One question worth asking — what happens if you change the order of the two balance lookups in the transfer branch, so the recipient gets credited before the sender is debited and the sender turns out to be broke? Look at the code. The check if src < cents runs before either jar moves, so the early return fires and nothing changes. But if a future engineer rewrites that to credit first and check after, the wallet would briefly hold more money than exists, and a second concurrent transfer reading the inflated balance could overdraft.
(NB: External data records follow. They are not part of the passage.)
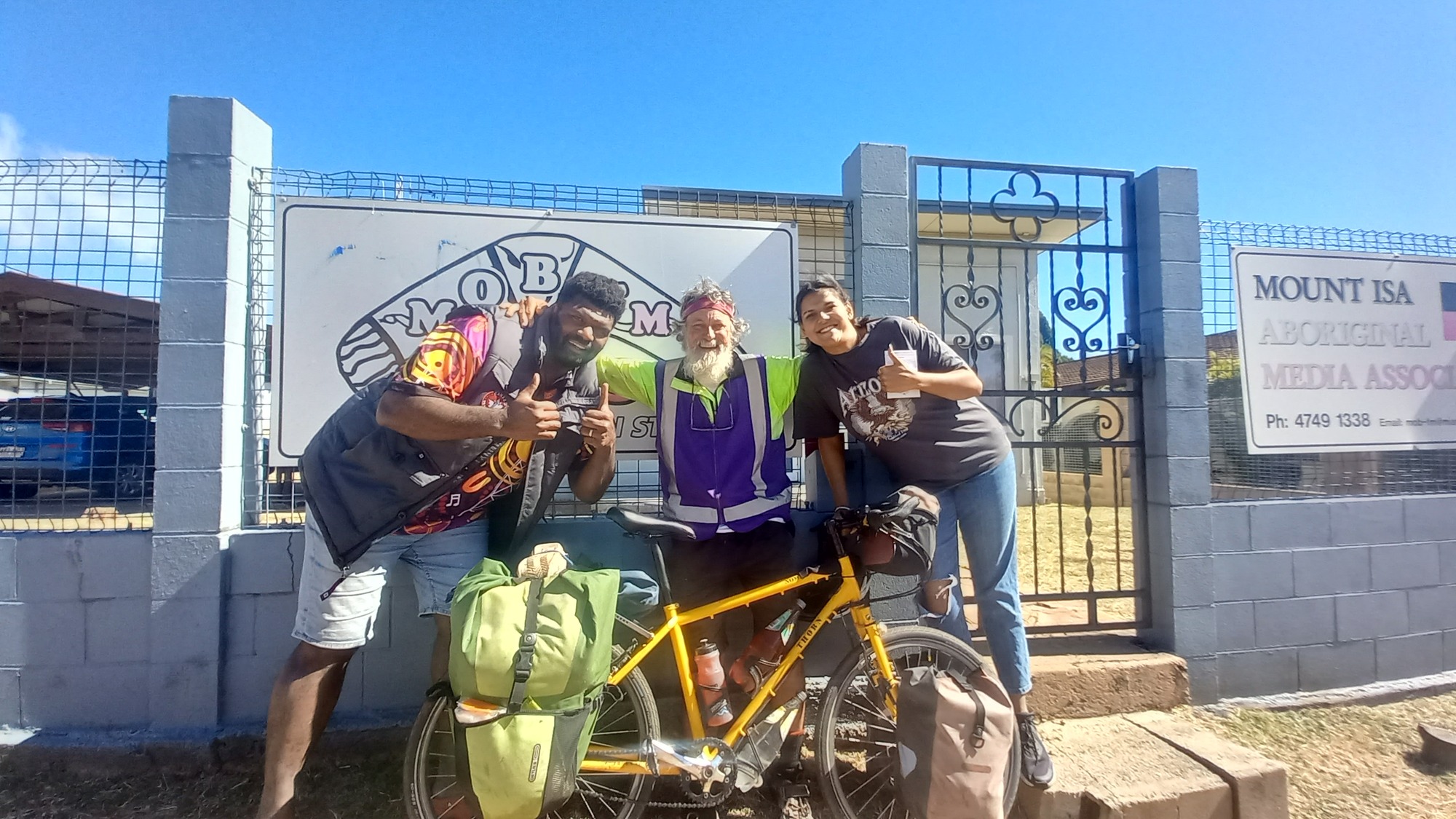 I have just had a marvellous day. Not only did I conquer all of my errands, including retrieving my phone number, but I had the great fortune of doing an interview with MOBFM. Who cares that they broadcast only to Mt Isa? I phoned them, whipped around, met the three J's - Jacob, a Torres Strait man, Jenny, a local Kalkadoon and Jannali, who describes herself as aboriginal and Maori. I did an interview with Jacob and then the three of us chatted before the mandatory photo outside.
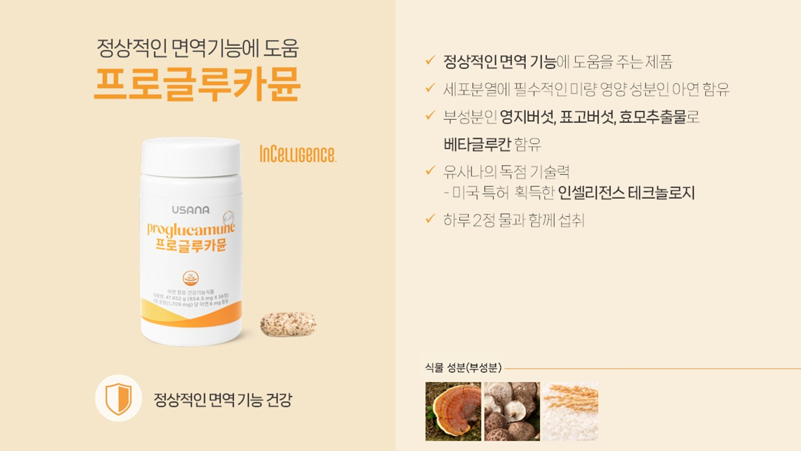 ✔ 효모추출물 – 인셀리전스 기술 적용, 신체 방어 체계 지원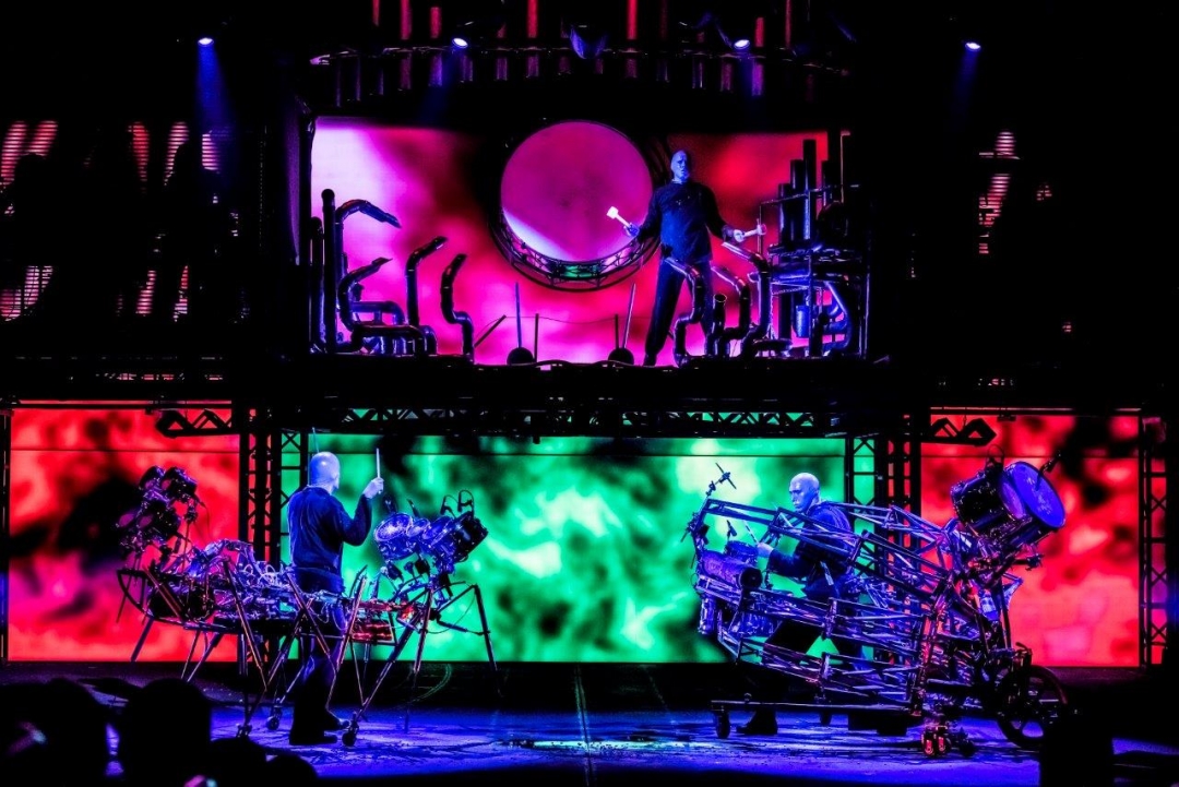 Всяких необычностей в шоу полно. Если говорить о диковинных музыкальных инструментах, то в шоу есть гигантская перкуссионная установка, сделанная из ПВХ-труб. На ней играют три «блюмена» сразу. Внешне инструмент похож на орган, но звучание у него абсолютно уникальное. Еще специально для шоу создали то, что сами мы называем «дромбоном». Фишка «дромбона» в возможности менять высоту звука, регулируя длину составных частей инструмента. Тут можно увидеть сходство с тромбоном, который тоже «скользит» из одного звука в другой, но при помощи выдвижного колена. Вы удивитесь, но «дромбон» как и наша перкуссионная установка тоже выполнен из ПВХ-труб. Как видите, мы их просто обожаем.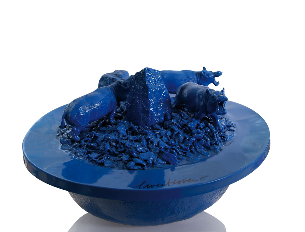 WILLIAM SWEETLOVE Ostenda (Belgio) 1949 Three cloned blue hippos, 2006 resina epossidica e plastica cm. 60x60x45, firma sul vaso, dichiarazione d'autenticità dell'artista su foto, pubblicato sul catalogo Cracking Art Revolution a cura di Piero Adorno, Claude Lorent e Francesco Santaniello, edizioni Skira (MI), pagina 151.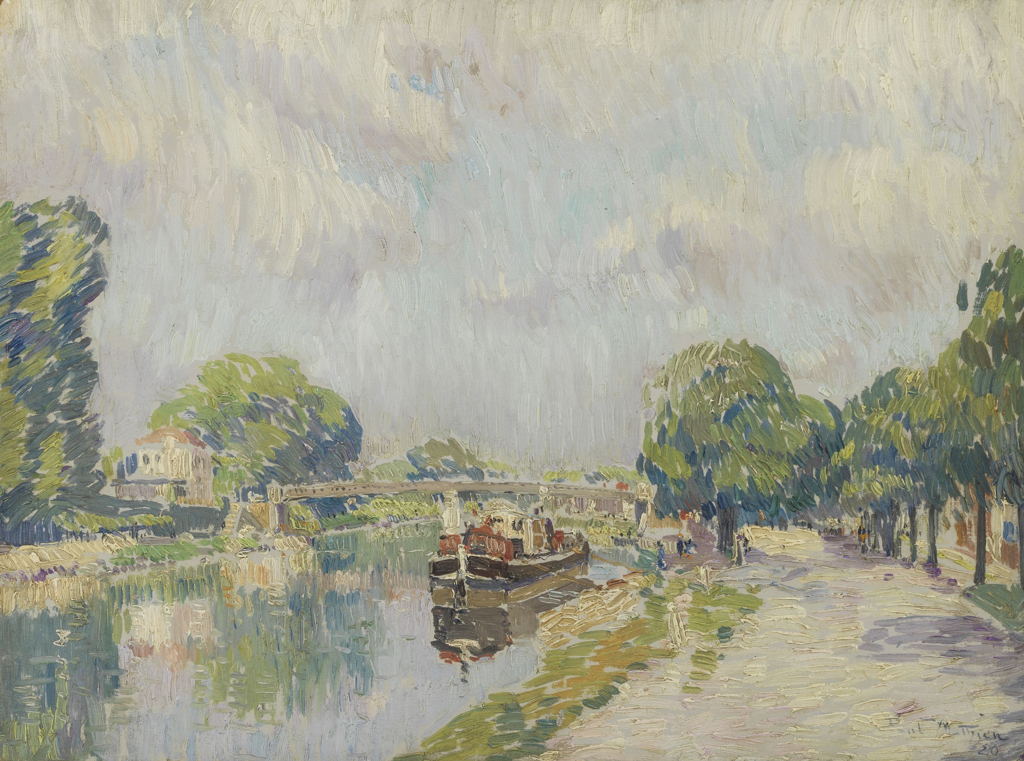Péniche sur le canal, huile sur carton, signée et datée 20, 40x5...

The order of checks is the rule.
The thing this wallet cannot do is survive two events at the same instant. The apply method takes &mut self, so the Rust compiler will not let two threads call it on the same wallet — which is fine for one shelf in one kitchen, but the moment the bank has ten thousand shelves and a million customers, the next bottleneck is how to let many wallets process events at once without losing pennies in the cracks between them.